I think being outside the demo has limited your experience, because most CHR, urban, and country radio stations have specialty shows, call-ins, and outreach programs designed to involve their listeners. They also use social media in addition to calls. The difference is that the listeners they target are the age you were in the 1950s and 60s. Obviously, those listeners have tons of other options for music and socialization than you did 50 years ago, so just because they do the same thing now, it doesn't necessarily have the same effect. The world has changed since you were a kid, and there's really nothing anyone can do to bring back the past.
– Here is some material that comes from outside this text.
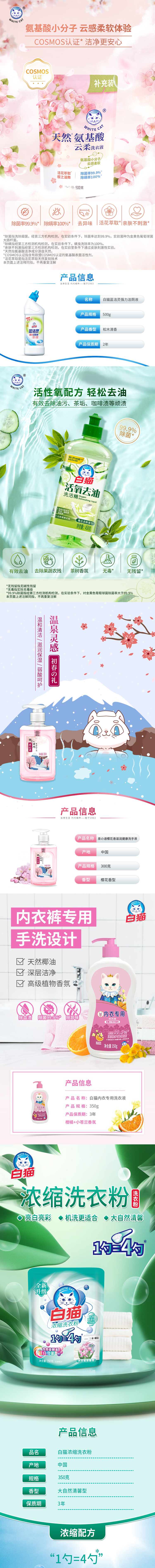 白猫天然氨基酸云柔洗衣液500g+白猫蓝洁灵强力洁厕液(弯头)500g+白猫活氧去油洗洁精458g+白猫泉の语樱花滋润健康洗手液300g+白猫内衣专用洗衣液350g+白猫新浓缩洗衣粉350g

Your grandparents had the same experience when they were your age. If you could speak with them now, they'd tell you.
 
landtuna said:
But PPM has made a big difference beside that of just measuring who is listening to whom. You said it earlier yourself - you lose 3 PPM listeners out of 10 in any given moment you take a 30% hit. Those 3 listeners might be back after your 8-minute commercial block ends so it evens out over time. TV, which is also ad-supported, measures complete programs, not time segments (although it does measure drop-off after program starts). It seems radio needs something less concise than minute-by-minute measurements (citing the "oh wow!" discussion here and the occasional "stiff").

Radio is not a program based medium. You can pretty much tune in an out at random and miss neither the beginning nor the end.

Still, the basis for radio measurement is not the "minute" but the quarter-hour. If the PPM detects you listening in any five of the 15 minutes in each quarter hour, you are credited with that particular quarter hour. In the diary, five minutes, sequentially, gets you credit.

Advertisers have long used circulation for print, ears for radio, sets for TV, to determine the potential audience for a commercial. They know that most people don't pay attention. But the idea is to make impressions. To measure "listening" as opposed to "hearing" would involve a degree of intrusion into a person's life that would be so extreme as to bias the findings via "methodology bias."

Radio is a medium. To create sales requires not just a medium, but a message that contains something appealing to a consumer and must satisfy concerns like location, pricing, availability, sizes, models, etc.

If I hate pickup trucks, no amount of F-150 ads will make me go see one. But if I have a pickup, and the old one is getting pretty grungy, I will pay attention when an add offers one at a place I'm near, on the right terms, in the model and color I want...

It's no different than the guy yelling "Hot Dogs" in the stands at the ball game. If I am not hungry, I don't even hear him. But if I am, oh boy, am I going to break my diet. And put lots of mustard and relish on mine, too.
 
TheBigA said:
I think being outside the demo has limited your experience, because most CHR, urban, and country radio stations have specialty shows, call-ins, and outreach programs designed to involve their listeners. They also use social media in addition to calls. The difference is that the listeners they target are the age you were in the 1950s and 60s. Obviously, those listeners have tons of other options for music and socialization than you did 50 years ago, so just because they do the same thing now, it doesn't necessarily have the same effect. The world has changed since you were a kid, and there's really nothing anyone can do to bring back the past. Your grandparents had the same experience when they were your age. If you could speak with them now, they'd tell you.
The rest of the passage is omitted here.